From: Alan Kent <ajk@mds.rmit.edu.au>
Date: Mon, 21 Jul 2003 08:57:49 +1000
To: www-zig@w3.org
Message-ID: <20030721085749.A10849@io.mds.rmit.edu.au>
On Sat, Jul 19, 2003 at 12:12:35PM -0400, Robert Waldstein wrote:
> Let me come out of lurking to say that "words" always confused me in Z39.50;
> my client still has code in it because some servers required (require?) 
> a different attribute depending on whether the term I sent had a <space> in
> it or not.  This was confusing and wrong (in my opinion).

I think I agree where you are coming from in that our engine does not
know what a 'word' is really either. It just indexes sequences of bytes
(terms) that were somehow extracted from a record.

The issue to me is there is currently no way for a client to say which
rules to use.

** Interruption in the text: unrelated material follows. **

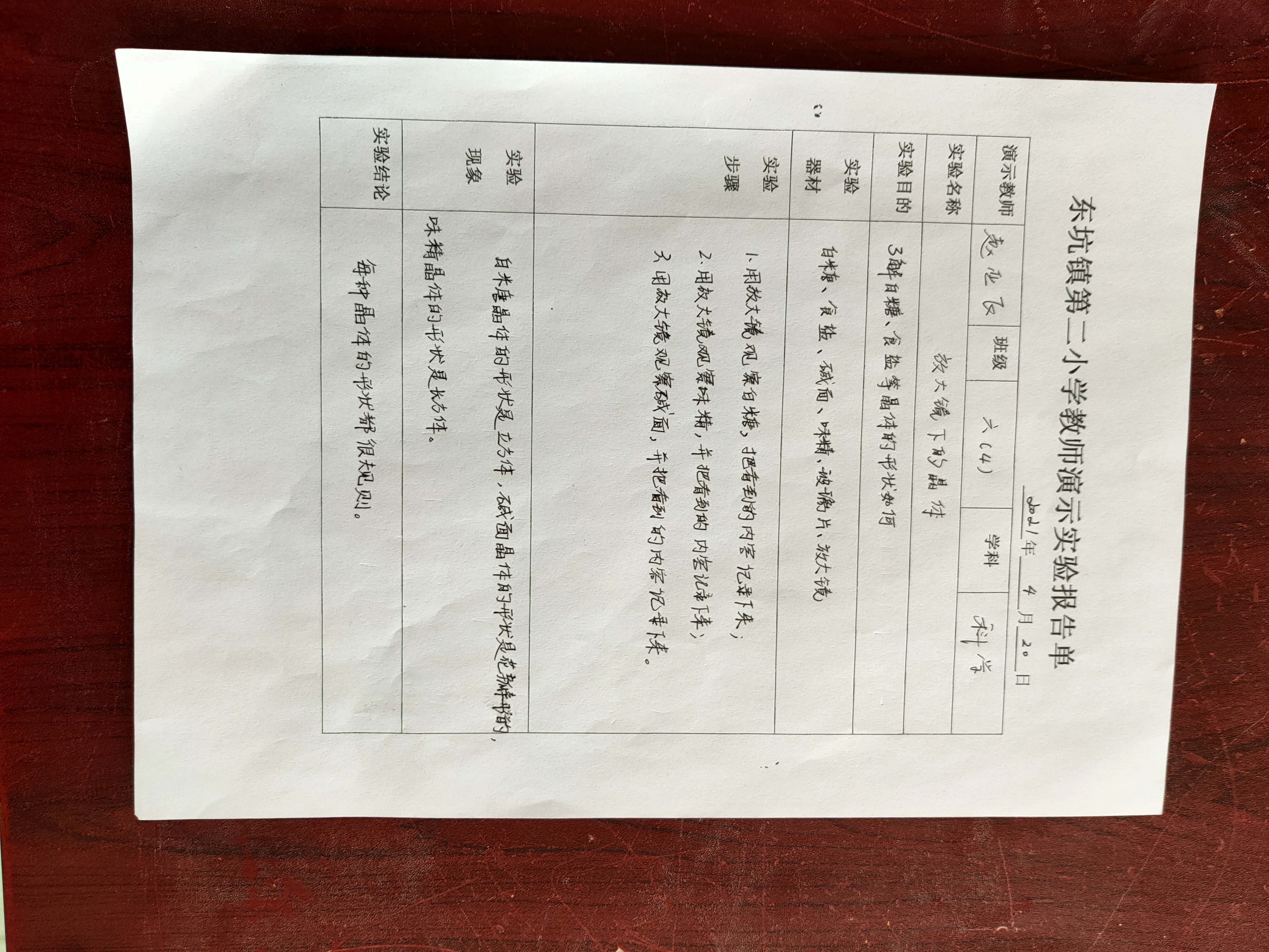 实验登记表

It is harder to explain with queries (the problem is there,
but its harder to see clearly as there are so many attributes that its
easy to hide the problem by saying 'oh, why not try attribute X instead'),
so I recommend thinking about it first purely from a SCAN perspective.
Attribute sets are designed to support SCAN, not just searches.

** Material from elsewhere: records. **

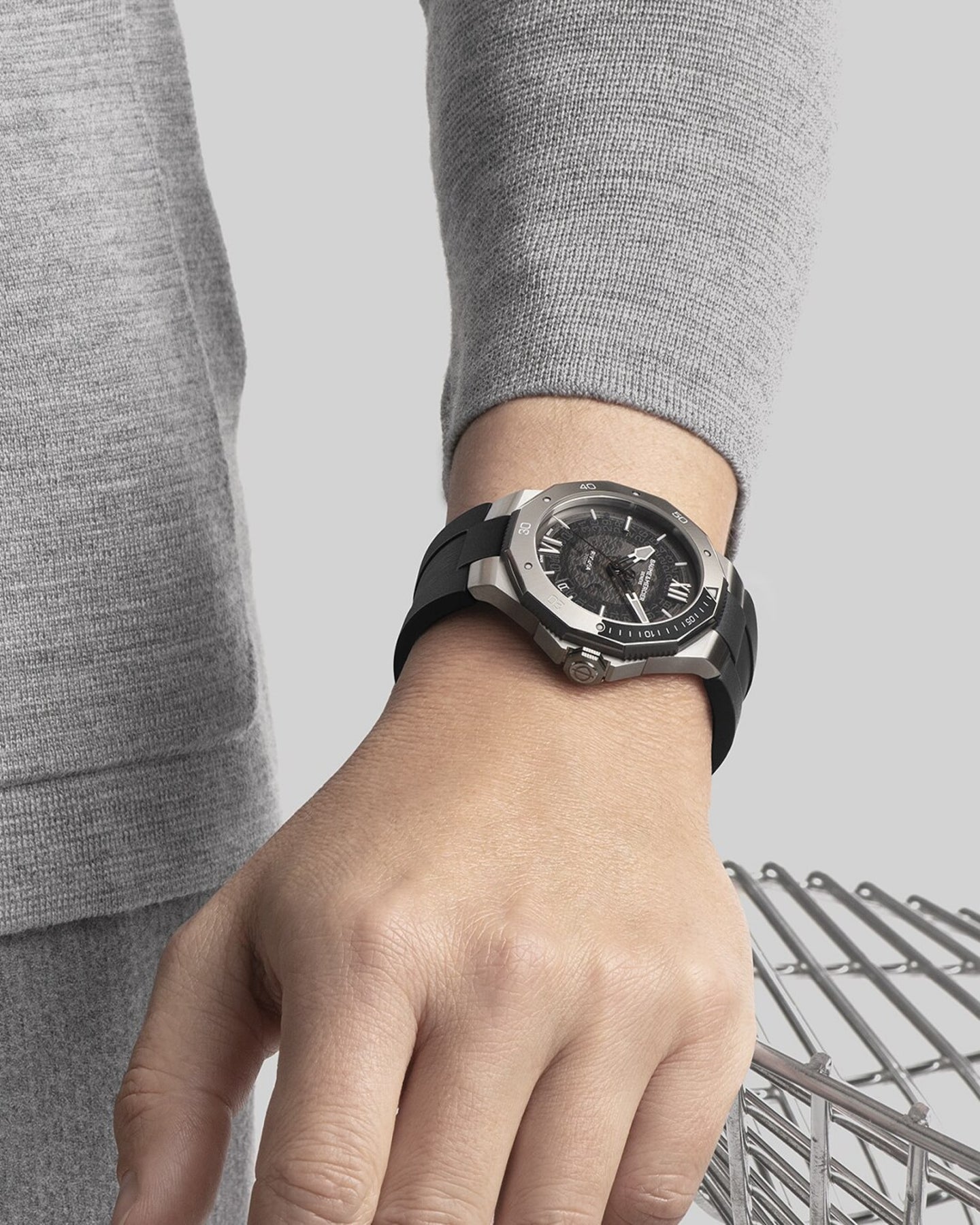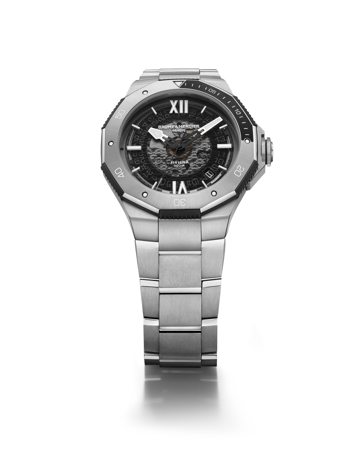 Driven by the prestigious Baumatic manufacture calibre, the Riviera 10717 is the all-road Swiss timepiece by excellence. Its transparent smokey grey sapphire dial, its unidirectional rotating bezel and its black anodized aluminum ring complete the sporty look of this "Swiss-Made" timepiece. The ideal watch for water sports.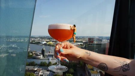 Über den Dächern der Stadt, genauer gesagt direkt an der Reeperbahn 1, befindet sich mit dem clouds ein Hochkaräter, wenn es um Barkultur in ihrer schönsten Form geht. Der Sonnenuntergang über der Stadt kann beispielsweise mit der "Abendröte" - Aperol, Portwein, Zucker und Zitronensaft genossen werden. Auch ansonsten sind die Drinks ziemlich kreativ gestaltet: Sie heißen nämlich genau so, wie die Dinge, die ihr von oben seht – zum Beispiel "Kiez "oder "Uebel&Gefährlich". Wem das nicht reicht, darf sich in der Snack, Wein- und der Schampus-Karte austoben!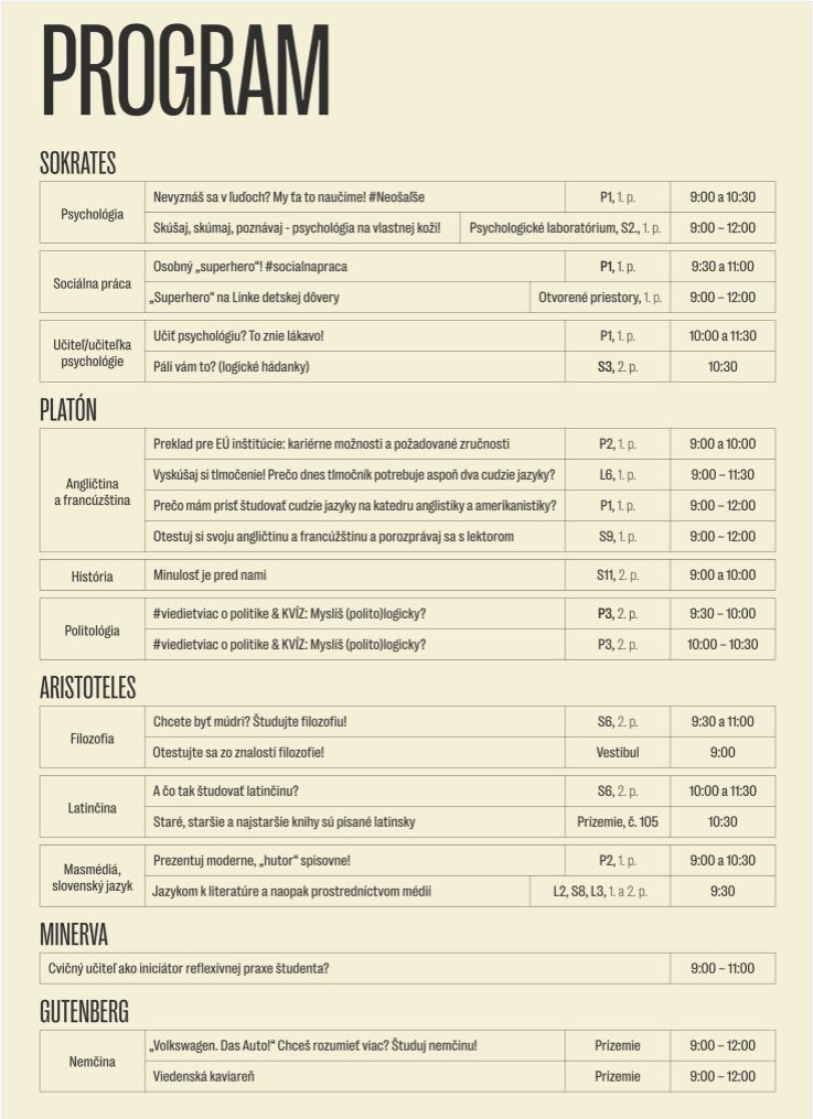 Filozofická fakulta UPJŠ v Košiciach srdečne pozýva širokú verejnosť na Deň otvorených dverí FF UPJŠ, ktorý sa uskutoční v piatok 9. 2. 2024 od 9.00 hod. v areáli fakulty na Moyzesovej 9 v historickom centre Košíc. Pre záujemcov o vysokoškolské štúdium sme pripravili zaujímavý program.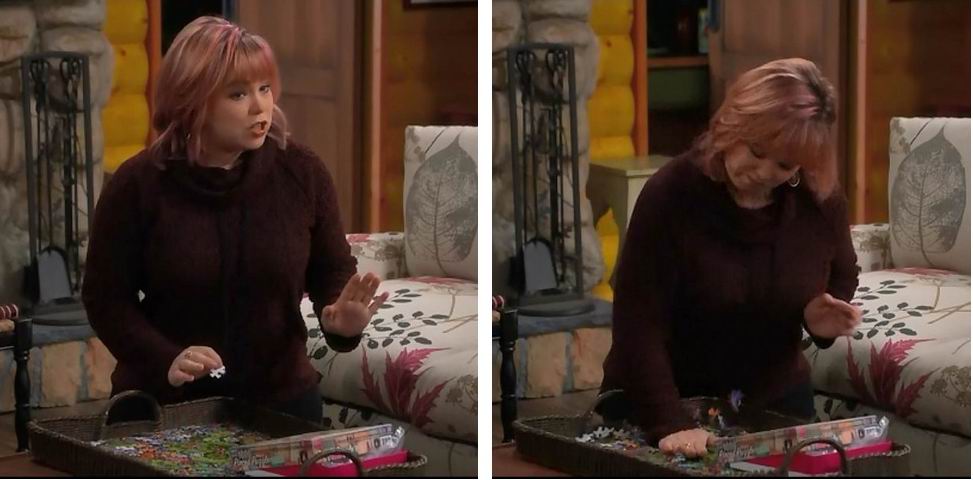 Следующий кадр, мы видим в руках у нее дведырочную "спинку". (Придираться про то, что в кадре еще три спинки уже не стоит, хотя и в кадре 1 видно, что у нее не собран только фиолетовый кусок слева).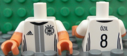 Torso Soccer Shirt with Adidas Logo, 4 Stars and Eagle Front, 'ÖZIL 8' Back Pattern / Nougat Arms with Molded White Short Sleeves Pattern / Nougat Hands

If you want to support scanning of values extracted with different term
extraction rules, you need to be able to specify the rule to use.

The most common example of this in general practice is things like
Bath profile title searches where you may want to search as words or
as a complete title. I have been using this example to make things
concrete to people based on what they are familiar with. I would like
to be able to express even more rules - but that is my problem.
Once format/structure has been identified as the correct way to
specify these term extraction rules, I can define my own personal
attribute set and define new attribute values in the format/structure
attribute type. This is what the attribute set architecture was designed
to do (be extensible without redesigning everything). Life is wonderful.

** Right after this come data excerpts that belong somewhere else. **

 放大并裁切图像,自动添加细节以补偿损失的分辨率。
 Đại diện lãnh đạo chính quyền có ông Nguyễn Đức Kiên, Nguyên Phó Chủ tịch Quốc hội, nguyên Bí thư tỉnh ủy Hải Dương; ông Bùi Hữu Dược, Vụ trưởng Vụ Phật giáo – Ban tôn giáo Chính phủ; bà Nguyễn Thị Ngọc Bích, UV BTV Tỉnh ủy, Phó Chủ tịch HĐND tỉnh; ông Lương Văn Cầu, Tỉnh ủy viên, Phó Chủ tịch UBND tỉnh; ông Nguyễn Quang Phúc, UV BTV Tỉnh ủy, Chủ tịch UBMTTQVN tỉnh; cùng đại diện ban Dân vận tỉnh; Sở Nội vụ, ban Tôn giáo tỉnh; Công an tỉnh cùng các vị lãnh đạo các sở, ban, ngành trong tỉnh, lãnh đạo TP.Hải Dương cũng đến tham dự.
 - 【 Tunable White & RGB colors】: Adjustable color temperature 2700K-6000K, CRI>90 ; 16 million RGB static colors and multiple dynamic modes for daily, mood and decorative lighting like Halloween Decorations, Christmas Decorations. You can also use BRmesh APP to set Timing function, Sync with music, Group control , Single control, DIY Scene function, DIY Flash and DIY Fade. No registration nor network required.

So I have been using the specific example of words vs string (complete
values). If you want to support scanning to return all words in a title
and the complete title you need a different attribute to send through.
Format/structure is the correct place for this attribute. I believe
its the documented purpose for this attribute.

>   If I send a term like "jaws" or "real-time" and I tell the server it is
> a "complete title" I see no reason why I should say anything about "words";
> plus as part of this thread said, how do I even know if the server considers
> the string I sent as containing "words".

If you say you are trying to find things with that exact title, then
you should not say anything about words. If you are trying to find 
things that *contain* the word 'jaws', then you need to say that instead.
At present, you cannot specify these two queries separately.

Alan
Received on Sunday, 20 July 2003 18:57:57 UTC